As more women delay childbearing until their 30s and 40s, a growing number are freezing their eggs in a process known as oocyte cryopreservation, the Chicago Tribune reports.
The process is most commonly used by women undergoing medical treatments that could affect fertility. However, the procedure is now being marketed as an option for healthy women who want to delay having children.
Nicole Noyes, co-director of the Oocyte Cryopreservation Program at the New York University Fertility Center, said that women lose much of their natural fertility between ages 35 and 40 and that the quality of their eggs decreases with age, which can increase their chances of miscarrying.The two- to three-week oocytpe cryopreservation process involves taking fertility medications that mature multiple eggs in the ovaries. Those eggs are then extracted, gently dehydrated and stored in liquid nitrogen.

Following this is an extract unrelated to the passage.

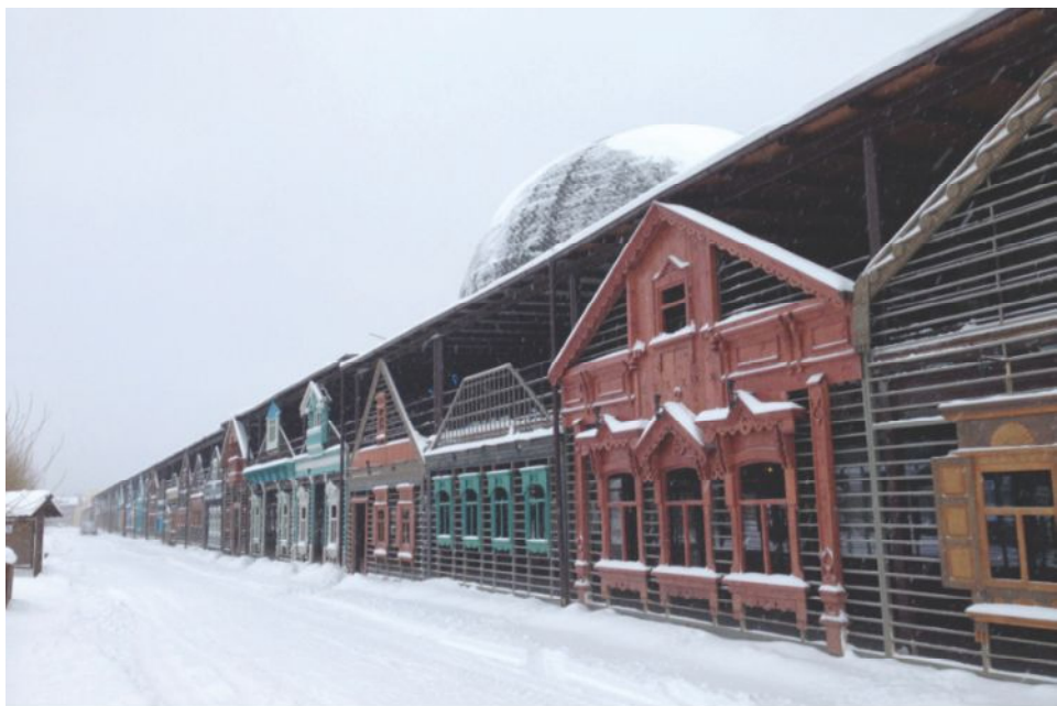
Рис. 4. Поиск национальной идентичности вблизи поселений. Это-мир, Калужская область

Умеет оформлять результаты градостроительного планирования для целей согласования, обсуждения, публич-
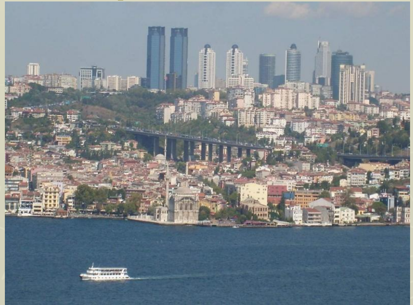
Стамбул, самый густонаселённый город

Распределение жителей по территории Турции крайне неравномерно. Наиболее густо заселены побережья Мраморного и Чёрного морей, а также районы, прилегающие к Эгейскому морю. Самый густонаселённый город — Стамбул и самый малонаселённый район — Хаккяри.

When the woman wants to become pregnant, the eggs are thawed, fertilized and transferred to the uterus as embryos.The American Society for Reproductive Medicine says that the process is "experimental" and warns that healthy women should not use it as a way to defer reproductive aging until there is more "proven scientific information" on it.Glenn Schattman, associate professor of reproductive medicine at Cornell University's Weil Medical College and co-author of the ASRM guidelines, said that about 50% of fertility clinics offer egg freezing.
There is no national registry to track how many pregnancies derived from previously frozen eggs, but according to a 2009 study, 936 infants have been born from frozen eggs throughout the world without any increased rate of birth defects.According to Noyes, the freezing process costs about $9,500 with some private clinics charging an addition $1,000 to $3,000. The thaw cycle costs between $3,500 and $5,000 (Deardoff, Chicago Tribune, 4/2).